The growing popularity of the Day of the Dead may show cultural inclusiveness is still a core American value. Think of the last time you tasted smooth tequila, went to the rodeo sporting a cowboy hat, or enjoyed a slightly sweet taco al pastor. After centuries of exchange of people and ideas across what was once a fluid border, many Mexican traditions are entangled with our own.
This week, many Denver kids are as likely to eat too much candy as they are to paint sugar skulls and eat pan de muerto at school. And various Day of the Dead-themed art exhibits provide a cultural alternative to visiting a haunted house this Halloween.

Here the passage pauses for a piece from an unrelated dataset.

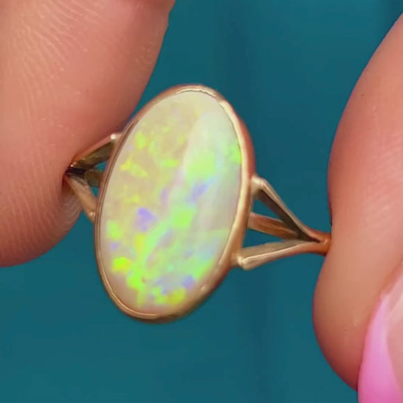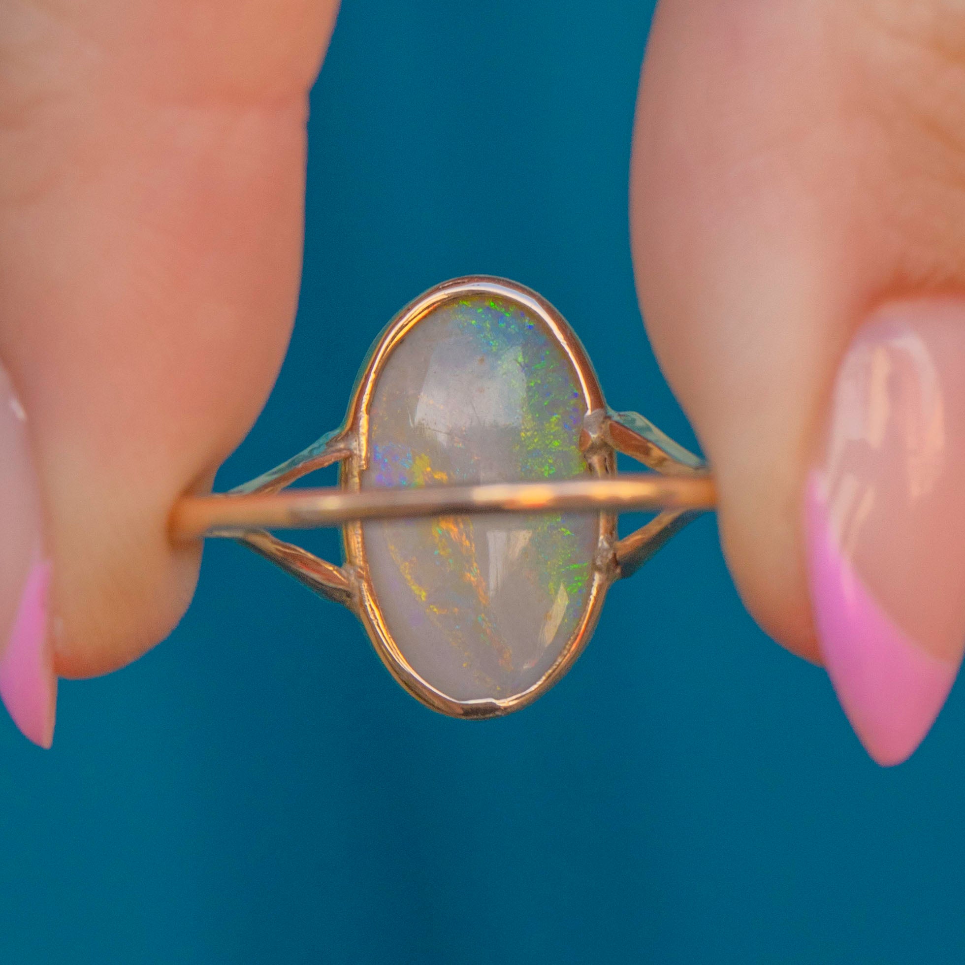 The classic design of this antique 15ct Gold Opal cabochon ring is what makes her so irresistible! A smooth 2.45ct Opal provides great finger coverage, with her play of colour catching beneath the light remarkably.

When the Colorado Folk Arts Council began organizing Day of the Dead presentations at local schools 12 years ago, teachers and administrators weren’t interested. This year, CFAC program coordinator Renee Fajardo says she had to turn down at least 60 requests from schools for Day of the Dead workshops. The organization is only funded to put on 10 such school presentations.
Since the Day of the Dead was originally observed by the Aztecs of pre-colonial Mexico, Fajardo says the holiday has significance for all people of the Americas, particularly the indigenous groups.
“The fact this holiday is becoming mainstream, particularly in the Southwest, is appropriate because it belongs here, it’s always been here, and it’s a part of this land,” Fajardo said.